**Task to carry out:** Only the lines from the one containing "A2A e BTS Biogas" through the last line of the material should be copied, exactly as written and without pictures.

**Supplied information:**
§
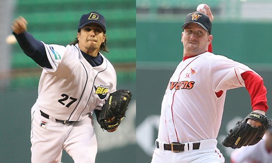 신구 최고 용병 투수를 가리자. 2일 문학 SK-두산전은 양 팀의 제1선발 맞대결이다. SK는 4연승의 '신(新)에이스' 케니 레이번을, 두산은 '이닝이터' 다니엘 리오스를 예고했다. 레이번은 올 시즌 5경기에 등판해 4승 무패 평균자책점 1.97을 기록중이다. 특히 4승이 전부 홈구장 문학에서 거둔 승리다. 김성근 감독은 2위에 3경기나 앞서는 1위인데도 로테이션대로 레이번을 올려 리오스와 맞불을 놓았다. 그만큼 '필승카드'로서 레이번을 신뢰한다는 방증이다. 반면 리오스는 지난 2002년 한국 프로야구에 발을 디딘 이래 통산 70승(56패 13세이브)을 올리고 있다. 최근 3년 연속 200이닝 이상을 투구한 리오스는 올 시즌에도 5경기에 등판해 33이닝을 투구했다. 2승 2패에 평균자책점은 3.27이다. SK와 두산의 두 김 감독은 두 투수의 2일 선발을 감안해 1일 투수진을 운용했다. 특히 두산은 불펜에서 가장 좋은 구위를 보여 온 임태훈을 2⅓이닝이나 썼다. 김성근 감독도 마무리 정대현을 8회부터 올렸다. 결국 레이번과 로마노에게 최소 6이닝 이상의 투구는 예상하고 있다는 의미다. 그런만큼 기회가 왔을 때, 양 팀 타선의 집중력에 따라 승패가 엇갈릴 전망이다. 특히 승보다 패가 5개나 많은 두산으로선 리오스 등판 경기를 잃는다는 것은 상상할 수 없다. sgoi@osen.co.kr 리오스-레이번.
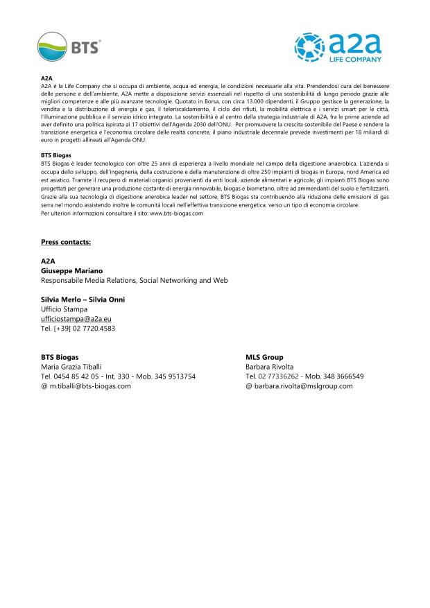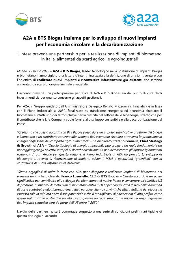 A2A e BTS Biogas insieme per sviluppo nuovi impianti economia circolare
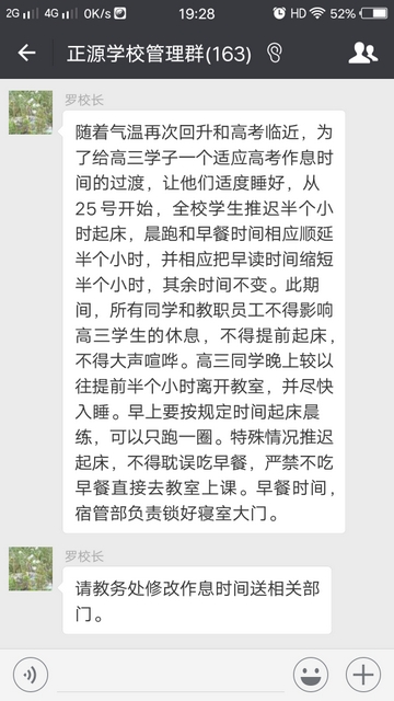 罗校长指示:随着气温再次回升和高考临近,为了给高三学子一个适应高考作息时间的过渡,让他们适度睡好,从25号开始,全校学生推迟半个小时起床,晨跑和早餐时间相应顺延半个小时,并相应把早读时间缩短半个小时,其余时间不变。此期间,所有同学和教职员工不得影响高三学生的休息,不得提前起床,不得大声喧哗。高三同学晚上较以往提前半个小时离开教室,并尽快入睡。早上要按规定时间起床晨练,可以只跑一圈。特殊情况推迟起床,不得耽误吃早餐,严禁不吃早餐直接去教室上课。早餐时间,宿管部负责锁好寝室大门。
§
**Answer space:**
 A2A e BTS Biogas insieme per sviluppo nuovi impianti economia circolare
 罗校长指示:随着气温再次回升和高考临近,为了给高三学子一个适应高考作息时间的过渡,让他们适度睡好,从25号开始,全校学生推迟半个小时起床,晨跑和早餐时间相应顺延半个小时,并相应把早读时间缩短半个小时,其余时间不变。此期间,所有同学和教职员工不得影响高三学生的休息,不得提前起床,不得大声喧哗。高三同学晚上较以往提前半个小时离开教室,并尽快入睡。早上要按规定时间起床晨练,可以只跑一圈。特殊情况推迟起床,不得耽误吃早餐,严禁不吃早餐直接去教室上课。早餐时间,宿管部负责锁好寝室大门。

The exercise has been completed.